Warning: this post contains references to rap which might not be everyone’s cup of tea. But I hope this will not prevent you from reading to the end.

You may remember that in my last post I spoke about agoraphobia and how it impacted my life. Not to go on at length, but to explain how Professor Green (a British rapper, not a University professor) helped me in my own healing process, I would like to share my thoughts with you. I also want to touch on talking therapy/counselling which I really believed saved me during this uncertain and debilitating period of my life.

I was at home watching ‘Loose Women’* on television, and Professor Green was a guest on the programme. Professor Green is a well-known rapper who catapulted to fame in recent years. He is a young man who has documented how his early life impacted the way he is today and how his music reflects this. He grew up on a council estate in London, mainly raised by his grandmother. His father was absent for most of his life.
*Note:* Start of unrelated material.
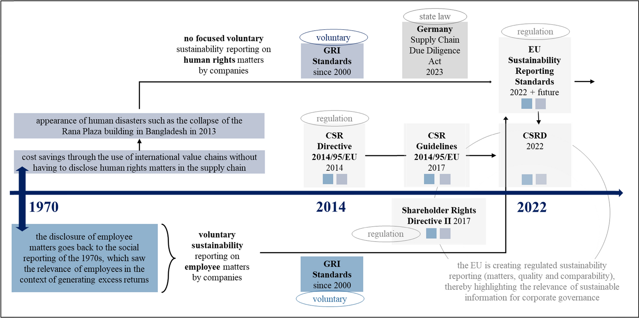 Human rights matters. Human rights matters gain relevance when a company outsources employment to external supply chains. While the company may realize cost benefits or improved access, outsourcing employment to external organizations may create several risks, including negative effects on employee morale (Belcourt 2006). In contrast to employee matters, a company outsourcing employment has fewer opportunities to directly influence human rights matters. A focus on human rights matters (e.g., external workforce/supply chain) is particularly important in the prevention of human rights violations (EU Directive 2014). Only recently has the regulation of human rights matters in global supply chains gained attention. This development stems from the inhumane working conditions (ILO 2017) to which many employees are exposed despite internationally recognized protections (ILO 1999; UN 2011). Comprehensive worker rights and protections are now widely recognized (Nolan 2017; Venkatesan 2019), which has resulted in a reduction in exploitation, such as child labour, debt bondage and forced labour (Barrientos 2013; Caruana et al. 2020; Davies 2019). This movement has given rise to numerous national laws (Saha et al. 2024), such as the US Dodd–Frank Act (United States Congress 2010), the Australian Commonwealth Modern Slavery Act (Australian Government 2019) and the German Supply Chain Due Diligence Act (Bundestag 2021). At the European level, the EU Commission updated its trade and investment strategy to promote ethical trading systems (EU Commission 2015) and adopted a supply chain law with the Corporate Sustainability Due Diligence Directive in 2024 (EU Commission 2022; EU Commission 2024). Furthermore, mandatory sustainability reporting in the EU includes disclosure requirements regarding human rights matters (EU Commission 2023a; EU Directive 2014). Additionally, the introduction of the double materiality approach by the CSRD may enhance the degree of disclosure regarding human rights matters by companies that did not previously focus on the materiality approach (Correa-Mejía et al. 2024). Table 1 summarizes the development of disclosure requirements regarding employee and human rights concerns in the EU.
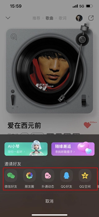 当弹出邀请好友的界面后,你会看到多种邀请方式,挑选一种自己偏好的方式发出邀请,等好友点击你分享的链接进入,就能和你一起听歌啦。

This affected him in many negative ways, but he rose above this to become an international rap star. Professor Green’s father took his own life shortly after he had become reconciled with his son many years later and after he [Green] had become famous. This devastated him and he has since recorded a television programme about suicide in which he speaks openly about his love for his grandmother (who stabilised his childhood) and the impact his father’s untimely death had on his own life.

To get to the point, Professor Green spoke about counselling on Loose Women. He talked about how it helped him come to terms with his ‘demons’. I was incredibly impressed and touched at how openly this young man spoke about his own experiences with mental health issues that I listened with more interest than usual. Having my own mental health issues (PTSD, chronic anxiety and agoraphobia) his thoughts resonated with me.
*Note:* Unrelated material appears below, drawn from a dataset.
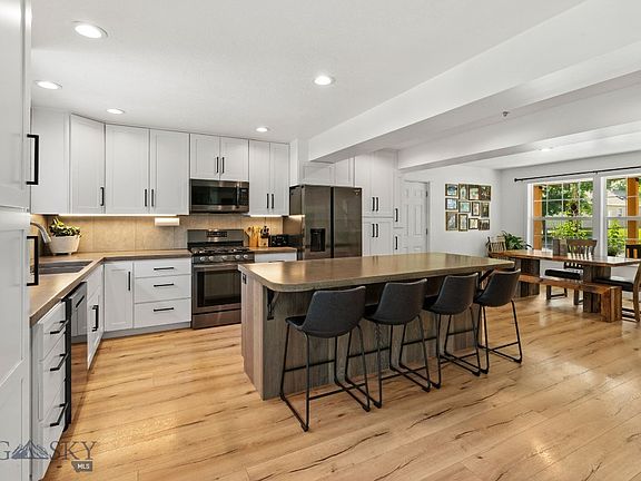 Amazing spacious home in very desirable Westfield neighborhood, Bozeman south side location, minutes from downtown. Fully updated with new windows, furnace and central air conditioning, interiors and appliances all within the last 3 years. This home has the perfect layout for guests with a private jr master with en suite bathroom in the basement. Enjoy relaxing on the spacious patio with 2021 hot tub and custom built outdoor sectional. Heated and insulated garage with custom built shelving. This unique lot borders subdivision park area with a seasonal creek. The sizeable backyard has a fenced garden, raised gardening beds and four mature and high producing apple trees! Additional R/V parking pad. Short walk/bike to Morning Star Elementary and Sacajawea Middle School, and in close proximity to MSU and Bozeman Deaconess Hospital. And…the Sourdough trail system is a short walk from your door!

Here comes the rapping! Those of you who have had the ‘pleasure’ of watching last year’s ‘X Factor’ will get a better feel of what I’d like you to do if you watched Honey G’s performance as a contestant. Honey G would rap saying:

“When I say Honey, you say G”, and this would be repeated many times, depending on how the audience received it. It went down really well. If you like that sort of thing. It’s a matter of taste. So here is my version:

When I say: ‘Professor’ you say: ‘Green’
Me: When I say Professor
You say: Green!
Me: When I say Professor
You say: ‘Green’

I was sittin’ in my home
All alone
got no friends
To call my own
Wanting someone to pick up the ‘phone
give me a call
so I don’t drown
In my sorrows
On my own

Me: When I say Professor
You say: Green!
Me: When I say Professor
You say: Green!

Mental health
has got a bad rap
That’s why I’m gonna
Put it on the map!
Shout it loud
and shout it clear
Mental health
There’s nothing to fear!

Me: When I say Professor
You say: Green
x2

I hope you managed to get a rhythm going. That helps! I hope Lady G and Tareau weren’t the only ones rapping along with me. Were you rapping Hariod? Anna?
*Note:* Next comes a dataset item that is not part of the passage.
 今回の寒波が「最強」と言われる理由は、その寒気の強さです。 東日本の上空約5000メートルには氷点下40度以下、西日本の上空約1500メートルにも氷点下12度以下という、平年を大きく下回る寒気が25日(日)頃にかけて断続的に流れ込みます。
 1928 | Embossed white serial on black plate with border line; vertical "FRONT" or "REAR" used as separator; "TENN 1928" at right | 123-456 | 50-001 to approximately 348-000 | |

Seriously, Professor Green was instrumental in getting me back on the road to recovery. He not only talked about how counselling helped him in his darkest periods, but he went on to say that although his situation was much improved, he still used counselling as therapy whenever he felt he needed it. And consequently, he was at present in therapy. Those words propelled me into action. If Professor Green was on daytime television, advocating counselling and he was not ashamed or embarrassed, what say me?

After the programme, I immediately went on-line to research counsellors in my area. I was very fortunate to find someone who has been incredibly helpful and who has allowed me to see that my case is not hopeless. That was over one year ago and I haven’t looked back since. Thanks Professor Green! I am not going to suggest that a few trips to a counsellor will make everything better. It takes time. It takes a willingness to partake in your own healing. It takes courage. It takes persistence. It takes faith. Often time, it can seem there is no light at the end of the tunnel. I’d like to encourage those who feel that there is no way out, that I found mine, and you can too.

~ Marie Williams 2017

* ‘Loose Women’ is a day-time television programme in which a panel of women discuss current topics.